= Edward Wilson Landor =

Lawyer, scholar, writer and Western Australian pioneer

Edward Wilson Landor (1811–1878) was a lawyer, scholar, writer and pioneer in the early days of the British colony of Western Australia.

==Early life and education==
Edward Landor was born in 1811 in Rushold in Lancashire, England. He had some legal training and was given a junior partnership in his uncle's law practice.

===The Landor family===
Edward's father was a first cousin of Walter Savage Landor. In 1835, visiting his cousins at their home, Villa Gherardesca at Fiesole, Tuscany- by this time Walter Savage Landor had separated from his wife and left the family- Edward Landor became enamoured of his second cousin, Julia, but resolved to make nothing of his affection; returning to England "while he fancied he was still safe", he heard of Walter Savage Landor's intention never to return to the family and, having observed the vague manner in which Mrs Landor raised the children, who were entirely uneducated and mainly unmonitored, "his sympathies and his common sense" led him to go back to Fiesole to help get the family in some order. At this time, Mrs Landor, perceiving Edward's affection for her daughter, pushed for a marriage between them, and forced him into an admission of his love. This was reported to Walter Savage Landor- "quite maliciously, it seems"- by Julia's brother, Arnold; Walter Savage Landor was furious at Edward's "baseness" (compared with Arnold's "dutiful conduct"), and when Edward returned home he was "abused as a hypocritical schemer" by most of his relatives. Although Edward wrote to Julia's father expressing a willingness to maintain distance from the girl for two years if an engagement could follow, Walter Savage Landor would not change his view. After five years in Australia, Edward returned to England, with Walter Savage Landor's friend Joseph Ablett attempting to help bring the engagement about, but their attempts failed and he returned to Australia.

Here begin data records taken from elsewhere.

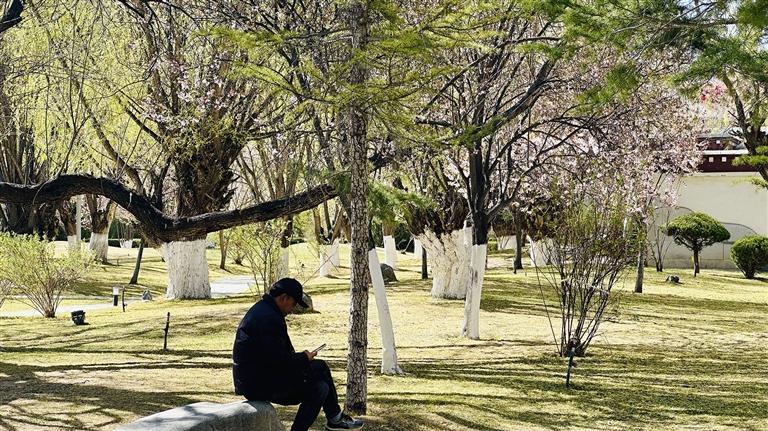 在拉萨,赏花从不必刻意寻找景区,许多街道便藏着盎然春色。四月的拉萨城西,也有着令人目不暇接的美好。八一路、罗堆西路、罗布林卡路一带,除了常见的榆叶梅、紫叶李等,还藏着拉萨不常见的海棠花,此时的海棠花在绿叶的衬托下开得正艳。阳光洒下,花朵和叶子的颜色饱和度极高,微风拂过,花瓣轻柔飘落,不少路人纷纷停下拍照,将明艳的春色收进自己的手机。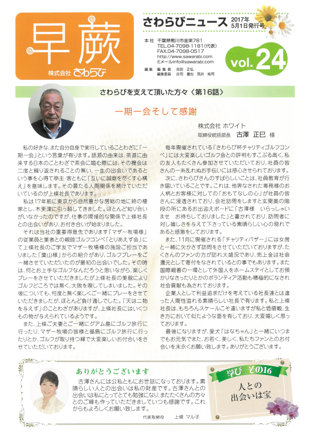 2017年5月1日発行号巻頭記事第16話 古澤 正巳 様「一期一会そして感謝」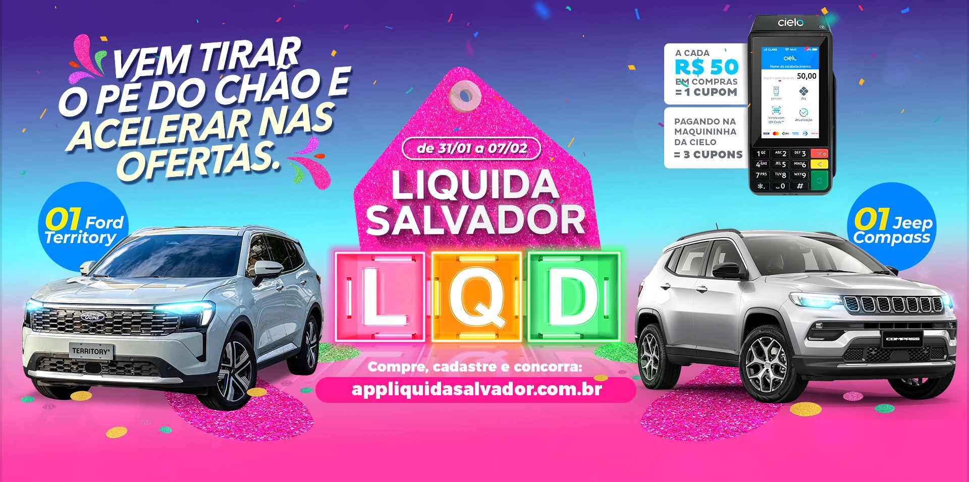 A Cielo traz a vantagem que faltava para você ganhar na Liquida Salvador. Além de tecnologia e segurança para os lojistas, a Cielo oferece um benefício extraordinário para você: use a Cielo no pagamento e ganhe 3 cupons de uma vez só. Isso mesmo: pagando na maquininha, você triplica suas chances de ganhar! É a chance perfeita de acelerar na direção do seu carro novo. Tire o pé do chão e triplique sua sorte para levar para casa um Jeep Compass ou um Ford Territory zero km!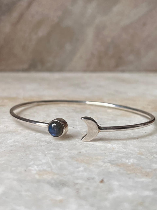 925 Sterling Silver Labradorite Crescent Moon Adjustable Kada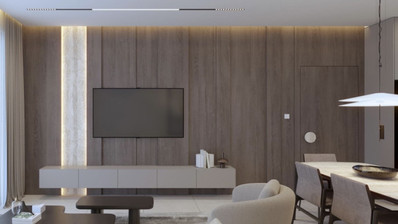 * Open-plan living room, kitchen, and dining area

==Arrival in Western Australia==
Landor later wrote of his romantic entanglement with his cousin Julia that "the agony of mind I suffered for years nearly killed me, and altho' I had a good career in England I gave up everything"; the state of serious illness in which he found himself led him to decide to emigrate with his brothers to Western Australia. Landor and his brothers Henry, a doctor, and George W. Landor, arrived in the Colony of Western Australia on Advocate on 27 August 1841, together with their subsequent business partner Nathan Elias Knight.
The Landor brothers intended to build up a large flock of sheep over six or so years (Note: Edward's sheep were bred from rams imported from Lord Western's flock in Essex.) but discovered that squatting on Government land was not permitted, and so Henry and George farmed in partnership with Nathan Elias Knight, leasing Balladong Farm from Rivett Henry Bland "at a high rent", and "wasted capital upon objects that could never bring in a good return", while Edward remained in Perth and practised as a barrister. His brother George described him as the "richest" of the brothers, "never coming himself to look at his flock".

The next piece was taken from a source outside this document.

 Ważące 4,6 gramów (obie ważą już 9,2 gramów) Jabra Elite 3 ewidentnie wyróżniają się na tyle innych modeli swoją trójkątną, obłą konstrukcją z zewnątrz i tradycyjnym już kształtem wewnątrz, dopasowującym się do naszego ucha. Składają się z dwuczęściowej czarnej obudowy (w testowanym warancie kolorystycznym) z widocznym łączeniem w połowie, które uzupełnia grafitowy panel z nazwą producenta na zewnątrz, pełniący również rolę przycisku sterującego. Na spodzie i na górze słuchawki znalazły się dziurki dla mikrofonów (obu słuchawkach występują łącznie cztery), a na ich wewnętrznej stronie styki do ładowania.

While practising as a barrister, Landor himself was sued by Walter Andrews for "wilful destruction of complainant's poultry" who roamed onto Landor's yard, and successfully defended himself. (Note: This provided amusing material for chapter 11 of The Bushman, Life in a New Country, Persecutions.)

==The Wiwar case ==
Landor defended Wiwar, an Aboriginal man charged with murder for spearing another Aboriginal man, when the spearing was permitted under Aboriginal law. Wiwar had confessed to the spearing. Landor's defence of Wiwar included the following arguments:
- The court was not competent to try Wiwar because Western Australia was occupied and not conquered.
- The Aboriginal people could not be subject to British law for offences committed amongst themselves without their assent to and acceptance of those laws.
- It is necessary to show that British laws have been imposed on the Aboriginal inhabitants in lieu of their own.
- If criminal law is imposed on Aboriginal people, then the whole of the law should be, including slander and theft.
- The Aboriginal people had laws of their own, and to subject them to British law in addition to Aboriginal law was contrary to justice because it meant that they were being tried and punished twice.
- It was a hardship and injustice to subject an Aboriginal person to British laws that he had never heard of nor was bound to obey, he having acted in performance of his own laws.
- There is no act of parliament imposing British law on Aboriginal people.
- There is no proclamation making Aboriginal people British subjects.
- Merely because an Aboriginal person is employed by the British does not make them subject to British law.
- If there was a killing under Aboriginal law, there was no malice aforethought and therefore there was no murder under British law.
These submissions were rejected by the court and Wiwar was sentenced to death. (Note: The sentence to death was commuted to imprisonment on Rottnest Island. Refer also to Chapter 15 in The Bushman, Life in a New Country.)

==Colonicus ==
From December 1841, Landor began to write occasional pieces for The Inquirer newspaper under the name "Colonicus". These included:
- A complaint about the introduction of import duties
- A complaint about bad management of the mail, particularly to York
- A fable about three field-mice brothers turned out of their paternal home and what they each did
- The need to make the Colony better known in England to attract men with capital, by forming a Western Australian Society which would place advertisements in English newspapers (Note: Landor was active in the formation of the Western Australian Society and donated to it under his own name and as Colonicus.)
- A need for greater communication with India
- A song for farmers at the York Fair complaining about the Squatting Bill
Landor's identity as Colonicus was exposed on 7 September 1842, following which he wrote an apology to all those whom he may have offended.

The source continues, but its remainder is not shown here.